The hate on Warrier's page manifests itself differently; she's called a bad mother on the basis of the interview her husband gave in a woman's magazine. She is wished ill-luck with her come-back film; she is condemned for leaving her marriage and husband, a man that much of Kerala adores and considers a great actor. Outside of these three things, apparently, Warrier doesn't exist or rather, shouldn't exist. Women too join this criticism of her, openly posting judgemental comments on what they think of her decision to leave her husband, criticising her bitterly for being "negligent" of her daughter, for seemingly classifying fame, career and money higher than her daughter and husband. Mind you, all this while not knowing anything else but that the two are separated. 

There's scores of advice on the page of this 36-year-old artiste urging her to go back to her husband, to stop being selfish, to "realise" that beauty, fame and wealth won't last forever. The denigration is endless and by the looks of it, hugely one-sided. You see, Dileep's fan pages are full of people kowtowing to his talent, looking forward to his new films and the usual fanboy drivel. No advice to him on his personal life at all. Even newspaper reports have been inherently sexist in reporting any developments on the divorce/separation.  

This duplicity emerges repeatedly in Kerala, in conversations and in mainstream media, and now internet hate: It's okay for a woman to work, bring home money and support, either single-handedly or as a second income, her family.

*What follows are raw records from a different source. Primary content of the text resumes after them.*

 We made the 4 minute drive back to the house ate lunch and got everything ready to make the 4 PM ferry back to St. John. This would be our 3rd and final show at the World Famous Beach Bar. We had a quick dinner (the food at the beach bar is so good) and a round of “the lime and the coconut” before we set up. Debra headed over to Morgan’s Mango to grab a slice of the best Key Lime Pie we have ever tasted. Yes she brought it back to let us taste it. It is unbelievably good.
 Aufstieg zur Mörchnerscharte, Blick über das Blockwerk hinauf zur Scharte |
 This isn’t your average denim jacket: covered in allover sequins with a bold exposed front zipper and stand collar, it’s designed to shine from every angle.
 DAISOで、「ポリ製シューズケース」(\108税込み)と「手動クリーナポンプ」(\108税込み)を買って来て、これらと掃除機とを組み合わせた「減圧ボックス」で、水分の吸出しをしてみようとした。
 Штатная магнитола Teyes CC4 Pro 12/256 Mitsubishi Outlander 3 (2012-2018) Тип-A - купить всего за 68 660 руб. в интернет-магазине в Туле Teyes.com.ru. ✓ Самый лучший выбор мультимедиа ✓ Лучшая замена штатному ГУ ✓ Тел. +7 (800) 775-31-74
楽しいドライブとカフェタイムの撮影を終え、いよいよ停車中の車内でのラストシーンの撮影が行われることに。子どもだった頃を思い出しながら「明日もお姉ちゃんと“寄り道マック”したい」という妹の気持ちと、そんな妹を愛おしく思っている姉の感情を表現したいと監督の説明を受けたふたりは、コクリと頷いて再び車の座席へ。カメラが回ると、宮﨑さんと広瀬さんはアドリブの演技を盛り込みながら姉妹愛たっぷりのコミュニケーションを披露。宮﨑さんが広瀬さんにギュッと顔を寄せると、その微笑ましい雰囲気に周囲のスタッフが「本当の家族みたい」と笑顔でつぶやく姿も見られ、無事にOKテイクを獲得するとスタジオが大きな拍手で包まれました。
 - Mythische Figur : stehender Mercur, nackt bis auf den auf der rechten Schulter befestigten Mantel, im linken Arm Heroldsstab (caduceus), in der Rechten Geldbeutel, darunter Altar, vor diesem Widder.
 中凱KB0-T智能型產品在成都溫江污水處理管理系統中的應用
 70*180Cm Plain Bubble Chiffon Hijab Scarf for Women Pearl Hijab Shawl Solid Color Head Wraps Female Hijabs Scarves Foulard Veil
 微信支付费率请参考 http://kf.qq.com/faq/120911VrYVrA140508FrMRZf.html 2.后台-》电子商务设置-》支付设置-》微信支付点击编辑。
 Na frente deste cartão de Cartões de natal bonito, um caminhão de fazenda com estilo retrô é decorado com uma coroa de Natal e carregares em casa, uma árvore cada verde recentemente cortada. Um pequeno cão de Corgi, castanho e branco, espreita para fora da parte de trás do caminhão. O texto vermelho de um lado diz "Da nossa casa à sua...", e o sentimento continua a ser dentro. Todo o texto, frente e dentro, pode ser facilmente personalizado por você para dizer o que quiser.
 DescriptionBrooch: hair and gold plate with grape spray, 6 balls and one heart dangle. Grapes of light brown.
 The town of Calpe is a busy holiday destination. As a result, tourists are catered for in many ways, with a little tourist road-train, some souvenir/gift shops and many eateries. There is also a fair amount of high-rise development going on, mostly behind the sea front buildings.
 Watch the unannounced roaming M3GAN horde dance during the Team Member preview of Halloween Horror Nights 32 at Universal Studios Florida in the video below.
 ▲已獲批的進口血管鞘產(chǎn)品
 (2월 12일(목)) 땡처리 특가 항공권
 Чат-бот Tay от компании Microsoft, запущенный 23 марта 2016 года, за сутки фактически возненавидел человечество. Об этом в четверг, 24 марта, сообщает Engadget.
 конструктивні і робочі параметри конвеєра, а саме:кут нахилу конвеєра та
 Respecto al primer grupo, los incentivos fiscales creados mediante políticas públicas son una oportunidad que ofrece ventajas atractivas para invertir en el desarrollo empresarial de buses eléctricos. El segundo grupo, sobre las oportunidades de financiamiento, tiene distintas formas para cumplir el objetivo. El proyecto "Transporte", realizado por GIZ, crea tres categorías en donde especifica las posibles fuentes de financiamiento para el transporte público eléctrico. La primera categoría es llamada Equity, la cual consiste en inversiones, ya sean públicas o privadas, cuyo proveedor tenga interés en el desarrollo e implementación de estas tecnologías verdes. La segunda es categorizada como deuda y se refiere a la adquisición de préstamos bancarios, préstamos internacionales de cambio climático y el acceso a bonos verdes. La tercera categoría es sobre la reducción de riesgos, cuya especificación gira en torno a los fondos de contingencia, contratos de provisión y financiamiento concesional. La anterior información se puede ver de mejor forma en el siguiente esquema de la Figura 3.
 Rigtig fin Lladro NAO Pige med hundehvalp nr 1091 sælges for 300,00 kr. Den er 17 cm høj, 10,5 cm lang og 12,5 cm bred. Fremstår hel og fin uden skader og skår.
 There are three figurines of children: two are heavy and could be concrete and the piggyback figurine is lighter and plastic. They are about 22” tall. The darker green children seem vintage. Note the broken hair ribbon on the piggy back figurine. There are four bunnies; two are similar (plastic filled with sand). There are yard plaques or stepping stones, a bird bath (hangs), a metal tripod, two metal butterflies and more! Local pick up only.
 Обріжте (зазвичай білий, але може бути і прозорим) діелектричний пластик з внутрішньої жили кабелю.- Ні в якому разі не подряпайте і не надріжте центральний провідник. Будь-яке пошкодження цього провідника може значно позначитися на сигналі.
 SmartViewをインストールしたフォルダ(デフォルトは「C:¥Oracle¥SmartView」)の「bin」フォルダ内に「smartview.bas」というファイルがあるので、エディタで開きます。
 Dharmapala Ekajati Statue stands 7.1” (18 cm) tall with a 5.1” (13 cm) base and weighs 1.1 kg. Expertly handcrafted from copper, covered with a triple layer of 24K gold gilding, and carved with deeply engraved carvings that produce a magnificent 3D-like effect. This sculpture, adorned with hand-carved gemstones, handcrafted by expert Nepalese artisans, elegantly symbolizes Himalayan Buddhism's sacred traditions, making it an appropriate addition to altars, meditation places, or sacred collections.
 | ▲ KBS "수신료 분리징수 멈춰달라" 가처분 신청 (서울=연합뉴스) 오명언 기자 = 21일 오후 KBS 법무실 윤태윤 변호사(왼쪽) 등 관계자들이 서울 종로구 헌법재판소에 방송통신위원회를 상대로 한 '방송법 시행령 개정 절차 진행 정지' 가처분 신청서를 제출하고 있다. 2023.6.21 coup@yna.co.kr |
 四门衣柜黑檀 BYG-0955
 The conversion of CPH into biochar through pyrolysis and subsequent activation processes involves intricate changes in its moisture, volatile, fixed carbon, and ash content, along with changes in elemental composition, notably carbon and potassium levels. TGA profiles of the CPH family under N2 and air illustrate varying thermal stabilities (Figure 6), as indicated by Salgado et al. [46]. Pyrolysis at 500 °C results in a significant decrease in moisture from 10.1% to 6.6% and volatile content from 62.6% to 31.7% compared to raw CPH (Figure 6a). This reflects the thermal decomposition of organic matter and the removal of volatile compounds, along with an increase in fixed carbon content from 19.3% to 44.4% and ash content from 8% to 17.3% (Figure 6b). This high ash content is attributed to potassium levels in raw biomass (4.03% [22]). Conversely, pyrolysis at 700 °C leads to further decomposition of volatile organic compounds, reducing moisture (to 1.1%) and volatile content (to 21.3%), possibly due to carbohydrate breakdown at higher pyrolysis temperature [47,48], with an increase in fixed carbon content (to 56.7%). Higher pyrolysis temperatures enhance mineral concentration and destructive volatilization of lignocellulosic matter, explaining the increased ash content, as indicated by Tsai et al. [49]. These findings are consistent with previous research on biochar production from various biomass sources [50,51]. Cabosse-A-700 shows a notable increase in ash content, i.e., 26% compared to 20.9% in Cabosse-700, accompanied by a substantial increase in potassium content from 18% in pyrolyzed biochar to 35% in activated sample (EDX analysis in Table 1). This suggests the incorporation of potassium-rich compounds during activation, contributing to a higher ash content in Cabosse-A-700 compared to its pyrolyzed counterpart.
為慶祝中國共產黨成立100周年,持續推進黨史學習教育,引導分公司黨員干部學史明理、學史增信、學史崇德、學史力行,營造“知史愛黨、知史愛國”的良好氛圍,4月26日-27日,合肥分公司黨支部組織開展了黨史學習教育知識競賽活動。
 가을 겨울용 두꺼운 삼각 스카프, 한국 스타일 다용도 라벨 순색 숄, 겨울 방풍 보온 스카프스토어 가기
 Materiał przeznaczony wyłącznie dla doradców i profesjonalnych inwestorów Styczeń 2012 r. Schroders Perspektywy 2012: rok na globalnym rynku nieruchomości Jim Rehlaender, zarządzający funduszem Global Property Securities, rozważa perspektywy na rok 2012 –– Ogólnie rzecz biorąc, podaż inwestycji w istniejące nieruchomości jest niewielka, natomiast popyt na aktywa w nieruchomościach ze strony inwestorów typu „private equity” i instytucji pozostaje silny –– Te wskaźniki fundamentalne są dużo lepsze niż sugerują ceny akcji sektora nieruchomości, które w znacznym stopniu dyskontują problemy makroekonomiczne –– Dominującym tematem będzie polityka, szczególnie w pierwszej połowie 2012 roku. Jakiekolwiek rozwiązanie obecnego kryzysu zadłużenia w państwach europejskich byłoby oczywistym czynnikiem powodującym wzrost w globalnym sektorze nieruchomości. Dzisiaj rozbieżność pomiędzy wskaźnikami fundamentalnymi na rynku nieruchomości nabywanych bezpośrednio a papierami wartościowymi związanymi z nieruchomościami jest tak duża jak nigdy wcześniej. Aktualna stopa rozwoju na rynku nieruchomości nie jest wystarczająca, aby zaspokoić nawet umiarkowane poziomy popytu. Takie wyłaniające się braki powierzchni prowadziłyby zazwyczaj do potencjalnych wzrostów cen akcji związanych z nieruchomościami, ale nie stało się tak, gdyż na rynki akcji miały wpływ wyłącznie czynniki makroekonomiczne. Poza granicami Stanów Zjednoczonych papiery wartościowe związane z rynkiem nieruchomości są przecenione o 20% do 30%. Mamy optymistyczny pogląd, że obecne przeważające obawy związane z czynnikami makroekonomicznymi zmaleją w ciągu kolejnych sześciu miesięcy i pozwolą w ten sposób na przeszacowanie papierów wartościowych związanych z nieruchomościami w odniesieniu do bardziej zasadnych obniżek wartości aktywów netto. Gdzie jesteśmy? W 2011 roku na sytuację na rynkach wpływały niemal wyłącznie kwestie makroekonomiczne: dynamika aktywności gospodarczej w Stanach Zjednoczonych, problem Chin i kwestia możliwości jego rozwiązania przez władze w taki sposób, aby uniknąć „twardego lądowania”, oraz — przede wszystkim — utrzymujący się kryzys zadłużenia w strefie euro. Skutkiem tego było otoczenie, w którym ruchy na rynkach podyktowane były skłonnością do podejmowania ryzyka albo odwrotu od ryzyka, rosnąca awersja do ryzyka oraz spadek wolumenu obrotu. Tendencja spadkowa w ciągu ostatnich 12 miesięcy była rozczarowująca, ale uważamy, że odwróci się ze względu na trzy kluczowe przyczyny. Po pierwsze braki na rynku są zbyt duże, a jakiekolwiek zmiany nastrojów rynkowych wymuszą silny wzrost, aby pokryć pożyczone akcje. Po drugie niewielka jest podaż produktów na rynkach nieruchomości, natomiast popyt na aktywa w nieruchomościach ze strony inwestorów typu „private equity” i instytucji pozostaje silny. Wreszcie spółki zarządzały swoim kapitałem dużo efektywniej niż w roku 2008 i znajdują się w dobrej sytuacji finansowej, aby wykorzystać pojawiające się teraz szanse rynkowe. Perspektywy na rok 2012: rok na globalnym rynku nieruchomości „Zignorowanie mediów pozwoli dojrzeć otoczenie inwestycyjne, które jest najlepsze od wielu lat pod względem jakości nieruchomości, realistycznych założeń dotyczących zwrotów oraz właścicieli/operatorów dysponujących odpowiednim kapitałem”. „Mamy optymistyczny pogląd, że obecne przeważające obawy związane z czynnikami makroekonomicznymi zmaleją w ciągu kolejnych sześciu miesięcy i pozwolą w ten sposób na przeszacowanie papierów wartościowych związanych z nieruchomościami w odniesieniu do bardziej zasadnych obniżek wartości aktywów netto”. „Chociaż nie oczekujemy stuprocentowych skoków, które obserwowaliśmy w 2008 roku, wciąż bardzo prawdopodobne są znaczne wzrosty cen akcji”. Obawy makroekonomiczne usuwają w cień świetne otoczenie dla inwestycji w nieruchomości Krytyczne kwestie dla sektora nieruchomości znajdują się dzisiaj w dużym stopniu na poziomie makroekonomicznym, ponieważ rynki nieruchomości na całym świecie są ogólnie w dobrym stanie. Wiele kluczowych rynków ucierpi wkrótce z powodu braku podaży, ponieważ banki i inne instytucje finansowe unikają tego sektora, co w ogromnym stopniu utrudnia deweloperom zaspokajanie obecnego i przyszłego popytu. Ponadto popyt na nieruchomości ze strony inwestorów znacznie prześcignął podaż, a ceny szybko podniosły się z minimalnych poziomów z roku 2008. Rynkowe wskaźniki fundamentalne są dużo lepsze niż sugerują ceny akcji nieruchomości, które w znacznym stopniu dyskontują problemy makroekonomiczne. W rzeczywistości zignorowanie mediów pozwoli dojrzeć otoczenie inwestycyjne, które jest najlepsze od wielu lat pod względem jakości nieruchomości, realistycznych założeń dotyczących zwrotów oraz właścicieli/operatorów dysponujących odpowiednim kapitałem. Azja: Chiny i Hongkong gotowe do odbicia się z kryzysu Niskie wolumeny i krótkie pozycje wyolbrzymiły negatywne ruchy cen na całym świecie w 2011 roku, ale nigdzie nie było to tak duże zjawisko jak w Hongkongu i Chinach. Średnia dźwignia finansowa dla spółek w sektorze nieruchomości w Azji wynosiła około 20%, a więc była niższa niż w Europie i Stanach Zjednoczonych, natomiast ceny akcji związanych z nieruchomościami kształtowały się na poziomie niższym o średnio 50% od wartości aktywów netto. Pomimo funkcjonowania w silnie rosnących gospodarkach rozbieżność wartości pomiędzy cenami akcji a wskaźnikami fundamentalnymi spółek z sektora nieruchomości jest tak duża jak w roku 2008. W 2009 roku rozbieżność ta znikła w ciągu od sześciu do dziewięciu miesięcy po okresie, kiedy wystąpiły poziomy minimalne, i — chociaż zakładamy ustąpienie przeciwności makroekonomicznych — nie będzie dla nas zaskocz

But the minute she decides to pursue a career, as opposed to keeping a job, and chooses to go after it ambitiously, she's just turned into the devil. The second income (in some cases the only income) she brings in is very welcome, but not the success or the sacrifices that she has to make. Among all the different kinds of men I've met, no one hates a woman's success more than a certain kind of Malayalee man. 

I started this off as internet hate piece among men in Kerala, the internet as a new place to flash and wave figurative penises at women they couldn't go anywhere close to; successful, dignified, articulate women that threaten their glaringly obvious chauvinistic attitudes. Internet hate towards women in the public eye isn't particularly new, and takes on different forms, as Amanda Hess's explosive essay earlier this year in the Pacific Standard illustrated. But the issues in Kerala that lead to what is clear misogyny are so much more that I had to digress a little. 

The truths that this kind of internet misogyny reveals to me are scary: Malayalee young men continue to be sexually frustrated; traditionally thought to be a sexually permissive society, Kerala, in the last few decades, has seen a huge change in morality, with patriarchal attitudes towards sex becoming more prevalent, where virginity as a virtue is priced highly and sex is seen as corruption. 

If these men are a sampling of most men in Kerala then it would seem Malayalee men are inherently crude, disrespectful, and have no finer sensibilities with regard to equality, individuality, racism, or sexuality. But perhaps the most disturbing thing of all, to me, is the fact that all this is juxtaposed with education, that it exists in a society that for decades has upheld socialist values of equality and respect between genders. How does one reconcile the two? What is the point of an education if it hasn't helped you cultivate a respect for the girls you go to school with? How badly has education failed us, if men still consider sex and sexual insults the best way to attack a woman? Authors and artists, both male and female, have stood at the forefront of progressive feminist attitudes, writing, art and debate. Why has education failed to integrate their work and contribution towards building a society that is more respectful towards women?